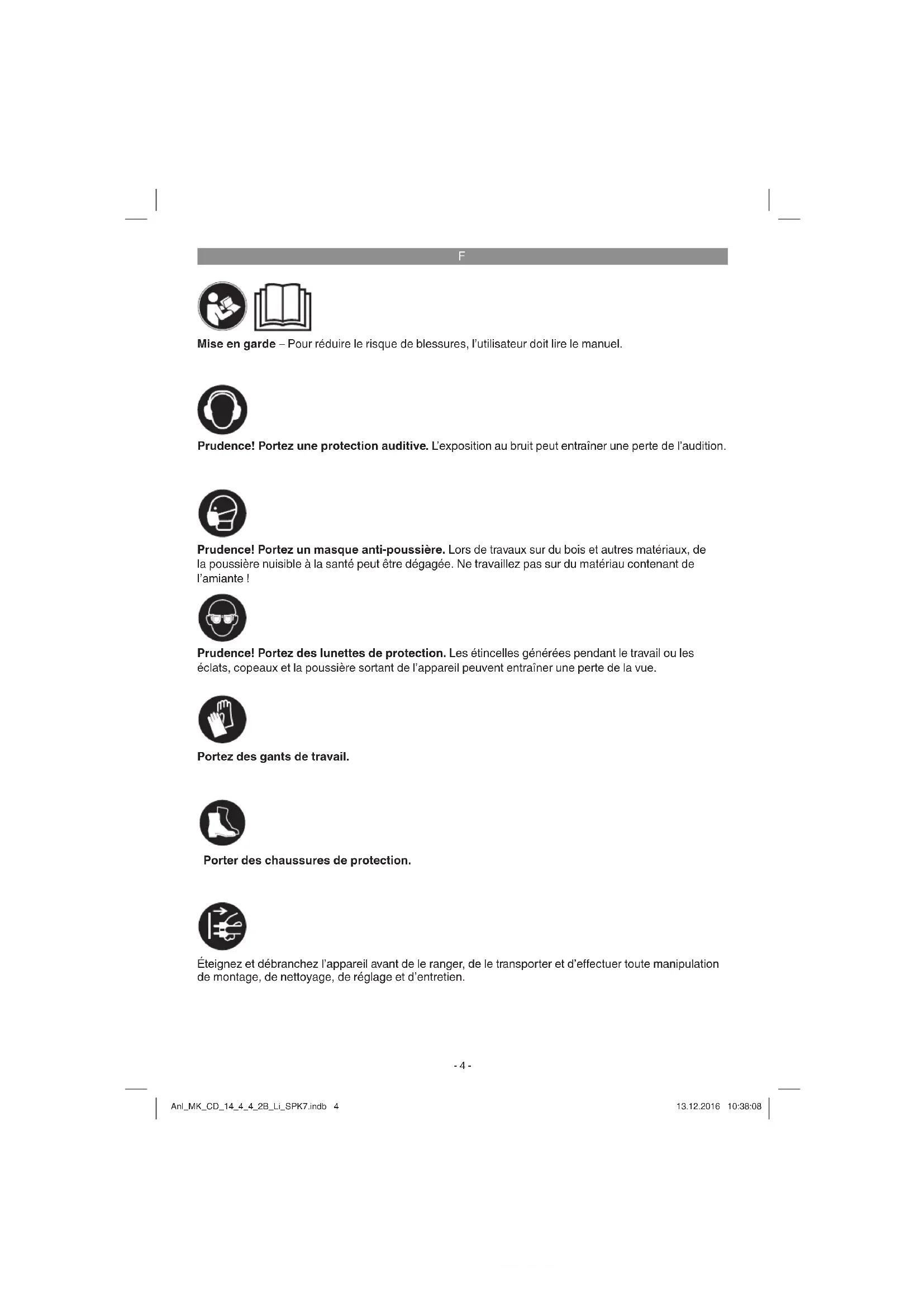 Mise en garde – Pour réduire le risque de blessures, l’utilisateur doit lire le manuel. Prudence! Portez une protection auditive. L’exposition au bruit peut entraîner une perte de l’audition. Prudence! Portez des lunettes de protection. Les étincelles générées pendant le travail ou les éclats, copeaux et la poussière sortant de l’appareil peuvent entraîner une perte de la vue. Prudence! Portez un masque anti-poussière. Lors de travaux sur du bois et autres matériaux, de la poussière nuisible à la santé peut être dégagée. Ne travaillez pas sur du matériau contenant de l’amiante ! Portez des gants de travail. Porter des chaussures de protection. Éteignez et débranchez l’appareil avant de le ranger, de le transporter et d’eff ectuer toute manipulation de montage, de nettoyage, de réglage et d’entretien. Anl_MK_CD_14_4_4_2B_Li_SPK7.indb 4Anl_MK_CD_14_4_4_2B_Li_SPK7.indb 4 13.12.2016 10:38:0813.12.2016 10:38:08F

□ □ □ □ □ □ □

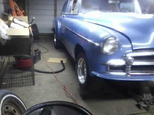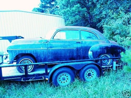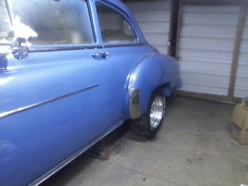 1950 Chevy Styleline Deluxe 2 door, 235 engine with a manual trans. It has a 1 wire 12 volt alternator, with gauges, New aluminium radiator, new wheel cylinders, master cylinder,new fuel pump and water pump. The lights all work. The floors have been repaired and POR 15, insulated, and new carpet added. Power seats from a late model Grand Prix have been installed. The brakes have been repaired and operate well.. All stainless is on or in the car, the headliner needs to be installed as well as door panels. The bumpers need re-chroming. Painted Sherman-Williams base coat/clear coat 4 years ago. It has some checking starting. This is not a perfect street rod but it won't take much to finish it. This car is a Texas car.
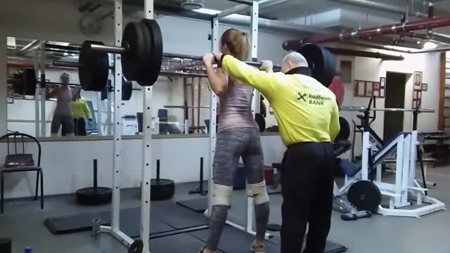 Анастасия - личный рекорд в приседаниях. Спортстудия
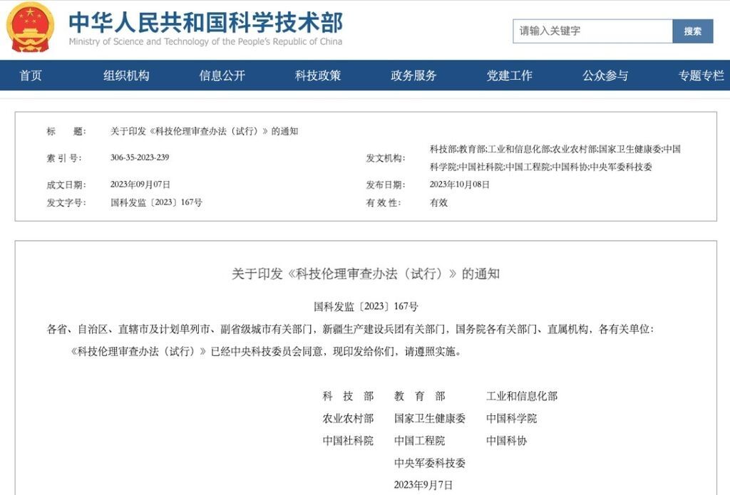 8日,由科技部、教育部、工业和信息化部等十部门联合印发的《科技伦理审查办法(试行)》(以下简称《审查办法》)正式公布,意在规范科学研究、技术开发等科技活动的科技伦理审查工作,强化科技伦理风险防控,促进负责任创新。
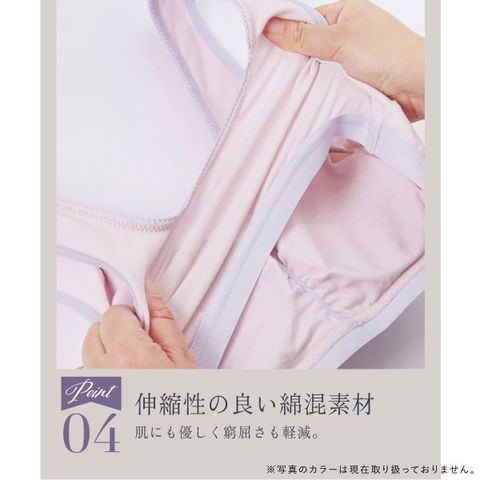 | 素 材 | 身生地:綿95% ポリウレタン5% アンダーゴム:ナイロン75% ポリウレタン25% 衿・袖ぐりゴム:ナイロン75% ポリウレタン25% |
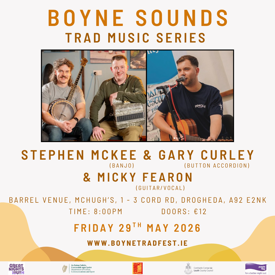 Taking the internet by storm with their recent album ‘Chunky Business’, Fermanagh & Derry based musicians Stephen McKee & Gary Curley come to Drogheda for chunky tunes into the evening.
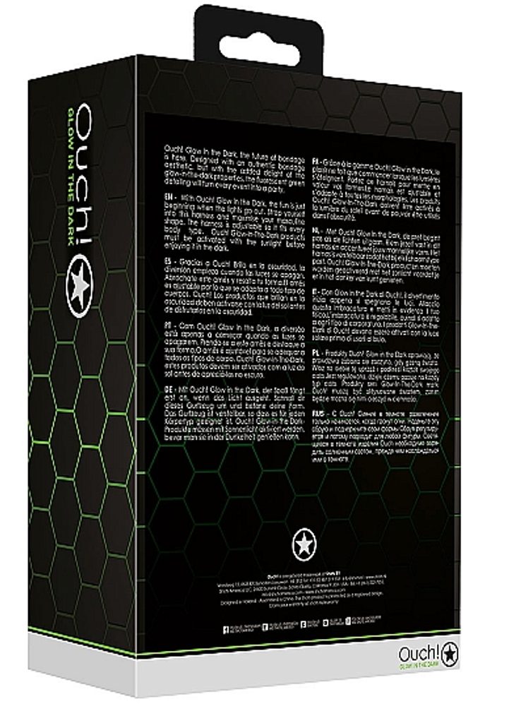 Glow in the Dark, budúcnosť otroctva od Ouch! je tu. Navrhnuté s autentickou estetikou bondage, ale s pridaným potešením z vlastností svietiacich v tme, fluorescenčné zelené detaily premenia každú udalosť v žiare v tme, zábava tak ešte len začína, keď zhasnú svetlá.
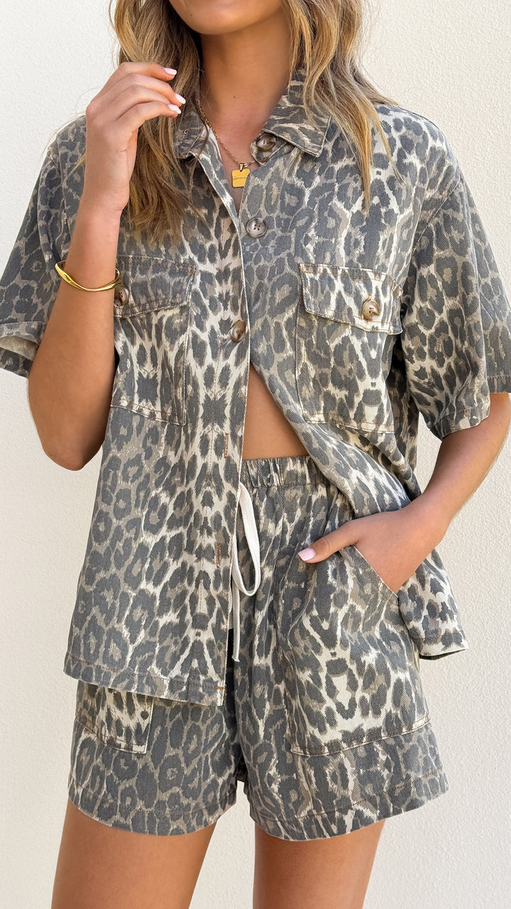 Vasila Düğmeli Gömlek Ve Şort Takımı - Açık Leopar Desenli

□ □ □ □ □ □ □

■ **Your instructions**
Would you transcribe the lines above exactly, going from the line bearing "8日,由科技部、教育部、工业" through the line bearing "Taking the internet", and drop the pictures from the copy?

■ **Response to the task**
 8日,由科技部、教育部、工业和信息化部等十部门联合印发的《科技伦理审查办法(试行)》(以下简称《审查办法》)正式公布,意在规范科学研究、技术开发等科技活动的科技伦理审查工作,强化科技伦理风险防控,促进负责任创新。
 | 素 材 | 身生地:綿95% ポリウレタン5% アンダーゴム:ナイロン75% ポリウレタン25% 衿・袖ぐりゴム:ナイロン75% ポリウレタン25% |
 Taking the internet by storm with their recent album ‘Chunky Business’, Fermanagh & Derry based musicians Stephen McKee & Gary Curley come to Drogheda for chunky tunes into the evening.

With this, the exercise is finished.